** Records for this exercise follows **

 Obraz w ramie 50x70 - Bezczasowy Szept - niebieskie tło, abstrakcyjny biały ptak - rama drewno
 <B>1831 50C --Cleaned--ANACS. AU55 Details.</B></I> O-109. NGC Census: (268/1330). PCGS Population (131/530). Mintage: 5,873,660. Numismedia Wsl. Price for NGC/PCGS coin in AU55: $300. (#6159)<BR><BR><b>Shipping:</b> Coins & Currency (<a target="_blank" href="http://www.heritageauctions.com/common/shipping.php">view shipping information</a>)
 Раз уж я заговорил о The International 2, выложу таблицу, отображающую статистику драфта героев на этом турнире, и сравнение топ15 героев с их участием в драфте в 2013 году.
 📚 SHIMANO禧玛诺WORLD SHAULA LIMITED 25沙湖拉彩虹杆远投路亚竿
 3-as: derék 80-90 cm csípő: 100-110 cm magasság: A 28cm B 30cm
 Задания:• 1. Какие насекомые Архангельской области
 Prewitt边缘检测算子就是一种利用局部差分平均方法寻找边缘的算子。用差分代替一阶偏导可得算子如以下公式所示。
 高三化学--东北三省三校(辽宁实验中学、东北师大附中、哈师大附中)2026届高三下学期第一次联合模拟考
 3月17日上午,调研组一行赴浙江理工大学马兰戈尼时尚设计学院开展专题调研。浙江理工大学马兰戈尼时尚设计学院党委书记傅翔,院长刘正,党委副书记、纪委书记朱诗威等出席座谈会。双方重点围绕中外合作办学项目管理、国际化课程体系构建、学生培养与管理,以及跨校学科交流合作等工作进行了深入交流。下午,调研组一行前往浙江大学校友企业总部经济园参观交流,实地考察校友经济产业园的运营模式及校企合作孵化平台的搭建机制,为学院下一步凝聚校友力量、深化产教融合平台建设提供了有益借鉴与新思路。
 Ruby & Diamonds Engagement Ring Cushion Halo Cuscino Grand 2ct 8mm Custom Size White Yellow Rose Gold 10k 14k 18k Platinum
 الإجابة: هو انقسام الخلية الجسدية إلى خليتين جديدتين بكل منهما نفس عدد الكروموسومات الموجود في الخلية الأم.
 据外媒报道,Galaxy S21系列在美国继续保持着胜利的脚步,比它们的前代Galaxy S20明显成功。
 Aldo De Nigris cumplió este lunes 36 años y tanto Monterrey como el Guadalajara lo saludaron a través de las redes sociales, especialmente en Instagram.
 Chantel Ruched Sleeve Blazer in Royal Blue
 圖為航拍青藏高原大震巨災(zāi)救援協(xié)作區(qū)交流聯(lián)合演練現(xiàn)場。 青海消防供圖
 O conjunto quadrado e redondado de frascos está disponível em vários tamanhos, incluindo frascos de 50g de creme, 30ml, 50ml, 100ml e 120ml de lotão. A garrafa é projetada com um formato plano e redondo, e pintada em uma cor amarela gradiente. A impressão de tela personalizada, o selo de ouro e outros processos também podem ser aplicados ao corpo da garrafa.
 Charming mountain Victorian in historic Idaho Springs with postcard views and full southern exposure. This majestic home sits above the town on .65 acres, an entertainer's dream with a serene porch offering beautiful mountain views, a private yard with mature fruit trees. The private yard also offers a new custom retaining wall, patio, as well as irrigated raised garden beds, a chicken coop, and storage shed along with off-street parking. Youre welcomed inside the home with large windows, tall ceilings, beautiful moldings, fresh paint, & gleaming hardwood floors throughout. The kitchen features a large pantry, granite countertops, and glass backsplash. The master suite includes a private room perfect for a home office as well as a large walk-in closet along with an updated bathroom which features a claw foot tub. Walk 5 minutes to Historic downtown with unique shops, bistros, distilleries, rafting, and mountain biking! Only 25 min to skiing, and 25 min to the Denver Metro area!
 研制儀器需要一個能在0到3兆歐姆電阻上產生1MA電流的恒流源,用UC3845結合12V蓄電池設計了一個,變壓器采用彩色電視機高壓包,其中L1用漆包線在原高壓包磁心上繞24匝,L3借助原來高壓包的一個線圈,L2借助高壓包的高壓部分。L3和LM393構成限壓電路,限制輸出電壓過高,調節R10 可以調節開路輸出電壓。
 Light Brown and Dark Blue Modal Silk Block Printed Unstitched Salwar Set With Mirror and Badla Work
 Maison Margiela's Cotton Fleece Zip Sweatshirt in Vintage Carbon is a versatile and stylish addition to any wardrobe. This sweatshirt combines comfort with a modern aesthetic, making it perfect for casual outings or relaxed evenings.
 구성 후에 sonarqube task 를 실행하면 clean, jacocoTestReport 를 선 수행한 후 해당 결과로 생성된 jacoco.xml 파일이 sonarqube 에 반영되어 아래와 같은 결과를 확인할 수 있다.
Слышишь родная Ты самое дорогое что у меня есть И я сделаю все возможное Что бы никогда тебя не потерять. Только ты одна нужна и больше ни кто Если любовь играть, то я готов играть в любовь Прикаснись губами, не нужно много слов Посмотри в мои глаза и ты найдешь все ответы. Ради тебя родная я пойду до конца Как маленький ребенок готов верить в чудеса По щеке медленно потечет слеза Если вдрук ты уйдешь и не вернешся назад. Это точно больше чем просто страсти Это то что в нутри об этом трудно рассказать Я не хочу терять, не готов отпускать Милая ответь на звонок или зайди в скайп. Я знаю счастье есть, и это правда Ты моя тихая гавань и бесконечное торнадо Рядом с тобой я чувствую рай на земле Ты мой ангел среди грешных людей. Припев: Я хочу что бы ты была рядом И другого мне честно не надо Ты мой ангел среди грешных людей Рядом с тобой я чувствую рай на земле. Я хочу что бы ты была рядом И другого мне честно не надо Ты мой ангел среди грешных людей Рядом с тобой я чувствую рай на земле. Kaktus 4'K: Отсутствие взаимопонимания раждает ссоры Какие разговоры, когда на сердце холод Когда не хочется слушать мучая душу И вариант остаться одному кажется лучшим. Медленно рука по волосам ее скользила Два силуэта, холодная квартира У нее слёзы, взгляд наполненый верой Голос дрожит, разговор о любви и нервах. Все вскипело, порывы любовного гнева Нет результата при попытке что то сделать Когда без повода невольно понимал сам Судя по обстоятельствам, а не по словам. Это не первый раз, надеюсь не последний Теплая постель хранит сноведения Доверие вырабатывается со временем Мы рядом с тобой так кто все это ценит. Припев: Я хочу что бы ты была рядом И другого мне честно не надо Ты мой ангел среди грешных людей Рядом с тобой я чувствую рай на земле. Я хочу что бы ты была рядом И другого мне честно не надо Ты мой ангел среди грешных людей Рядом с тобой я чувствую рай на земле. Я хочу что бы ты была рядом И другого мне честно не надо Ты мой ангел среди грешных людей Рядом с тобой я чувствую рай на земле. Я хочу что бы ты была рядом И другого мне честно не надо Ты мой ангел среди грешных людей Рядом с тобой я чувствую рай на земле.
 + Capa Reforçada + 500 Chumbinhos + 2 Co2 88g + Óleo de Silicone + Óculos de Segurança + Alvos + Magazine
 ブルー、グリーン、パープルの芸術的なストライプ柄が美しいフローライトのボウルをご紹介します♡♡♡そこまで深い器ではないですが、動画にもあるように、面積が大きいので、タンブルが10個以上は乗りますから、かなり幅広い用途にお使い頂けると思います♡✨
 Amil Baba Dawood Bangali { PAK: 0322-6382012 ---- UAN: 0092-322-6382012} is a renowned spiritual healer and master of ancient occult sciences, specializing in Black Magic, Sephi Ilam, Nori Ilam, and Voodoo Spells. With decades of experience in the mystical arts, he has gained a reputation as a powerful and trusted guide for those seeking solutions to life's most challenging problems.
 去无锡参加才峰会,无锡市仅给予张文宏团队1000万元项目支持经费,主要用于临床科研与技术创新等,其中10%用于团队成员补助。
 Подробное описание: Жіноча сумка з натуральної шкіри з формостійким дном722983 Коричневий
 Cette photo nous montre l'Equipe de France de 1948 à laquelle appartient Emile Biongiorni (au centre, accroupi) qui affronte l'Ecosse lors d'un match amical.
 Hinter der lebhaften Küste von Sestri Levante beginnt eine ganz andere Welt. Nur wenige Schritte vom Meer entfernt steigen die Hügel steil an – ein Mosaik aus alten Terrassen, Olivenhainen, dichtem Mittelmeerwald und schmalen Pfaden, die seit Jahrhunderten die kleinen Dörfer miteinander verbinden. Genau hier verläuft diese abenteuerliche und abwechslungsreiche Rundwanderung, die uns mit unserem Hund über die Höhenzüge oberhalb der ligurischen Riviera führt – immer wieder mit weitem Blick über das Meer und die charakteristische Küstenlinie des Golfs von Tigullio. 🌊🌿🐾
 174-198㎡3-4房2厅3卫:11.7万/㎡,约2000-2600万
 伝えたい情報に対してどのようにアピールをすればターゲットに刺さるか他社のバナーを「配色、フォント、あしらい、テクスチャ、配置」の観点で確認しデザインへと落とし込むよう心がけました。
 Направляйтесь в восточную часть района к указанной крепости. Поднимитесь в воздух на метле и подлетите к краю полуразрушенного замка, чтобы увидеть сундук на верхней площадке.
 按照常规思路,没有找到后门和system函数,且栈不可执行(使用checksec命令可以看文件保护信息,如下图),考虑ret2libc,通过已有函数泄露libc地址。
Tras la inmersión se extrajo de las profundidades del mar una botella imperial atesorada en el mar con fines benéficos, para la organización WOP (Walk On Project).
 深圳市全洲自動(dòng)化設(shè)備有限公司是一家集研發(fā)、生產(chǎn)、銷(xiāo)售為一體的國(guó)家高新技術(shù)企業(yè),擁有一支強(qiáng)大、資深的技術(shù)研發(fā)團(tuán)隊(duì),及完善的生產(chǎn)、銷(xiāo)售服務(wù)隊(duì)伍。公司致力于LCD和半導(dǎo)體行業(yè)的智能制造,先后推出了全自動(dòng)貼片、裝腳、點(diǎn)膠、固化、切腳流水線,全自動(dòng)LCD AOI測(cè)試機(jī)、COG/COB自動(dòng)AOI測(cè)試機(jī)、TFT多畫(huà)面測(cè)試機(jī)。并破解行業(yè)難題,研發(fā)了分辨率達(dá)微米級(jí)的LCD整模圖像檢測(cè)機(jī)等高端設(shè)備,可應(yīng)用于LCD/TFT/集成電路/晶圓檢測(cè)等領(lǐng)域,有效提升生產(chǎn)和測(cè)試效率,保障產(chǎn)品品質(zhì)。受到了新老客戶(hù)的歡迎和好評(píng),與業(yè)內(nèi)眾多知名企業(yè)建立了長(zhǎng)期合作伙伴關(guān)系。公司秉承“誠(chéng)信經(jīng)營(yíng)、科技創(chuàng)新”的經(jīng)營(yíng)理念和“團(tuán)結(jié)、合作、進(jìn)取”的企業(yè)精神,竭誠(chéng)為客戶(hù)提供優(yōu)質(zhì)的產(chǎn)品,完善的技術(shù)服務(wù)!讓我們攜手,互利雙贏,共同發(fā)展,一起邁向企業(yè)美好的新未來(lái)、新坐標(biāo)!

** End of Records for this exercise **

§ Your goal: Everything in the material above from the line that has "Подробное описание: Жіноча" through the line that has "Tras la inmersión" must be duplicated exactly, with no other lines given.

§ Problem solution:
 Подробное описание: Жіноча сумка з натуральної шкіри з формостійким дном722983 Коричневий
 Cette photo nous montre l'Equipe de France de 1948 à laquelle appartient Emile Biongiorni (au centre, accroupi) qui affronte l'Ecosse lors d'un match amical.
 Hinter der lebhaften Küste von Sestri Levante beginnt eine ganz andere Welt. Nur wenige Schritte vom Meer entfernt steigen die Hügel steil an – ein Mosaik aus alten Terrassen, Olivenhainen, dichtem Mittelmeerwald und schmalen Pfaden, die seit Jahrhunderten die kleinen Dörfer miteinander verbinden. Genau hier verläuft diese abenteuerliche und abwechslungsreiche Rundwanderung, die uns mit unserem Hund über die Höhenzüge oberhalb der ligurischen Riviera führt – immer wieder mit weitem Blick über das Meer und die charakteristische Küstenlinie des Golfs von Tigullio. 🌊🌿🐾
 174-198㎡3-4房2厅3卫:11.7万/㎡,约2000-2600万
 伝えたい情報に対してどのようにアピールをすればターゲットに刺さるか他社のバナーを「配色、フォント、あしらい、テクスチャ、配置」の観点で確認しデザインへと落とし込むよう心がけました。
 Направляйтесь в восточную часть района к указанной крепости. Поднимитесь в воздух на метле и подлетите к краю полуразрушенного замка, чтобы увидеть сундук на верхней площадке.
 按照常规思路,没有找到后门和system函数,且栈不可执行(使用checksec命令可以看文件保护信息,如下图),考虑ret2libc,通过已有函数泄露libc地址。
Tras la inmersión se extrajo de las profundidades del mar una botella imperial atesorada en el mar con fines benéficos, para la organización WOP (Walk On Project).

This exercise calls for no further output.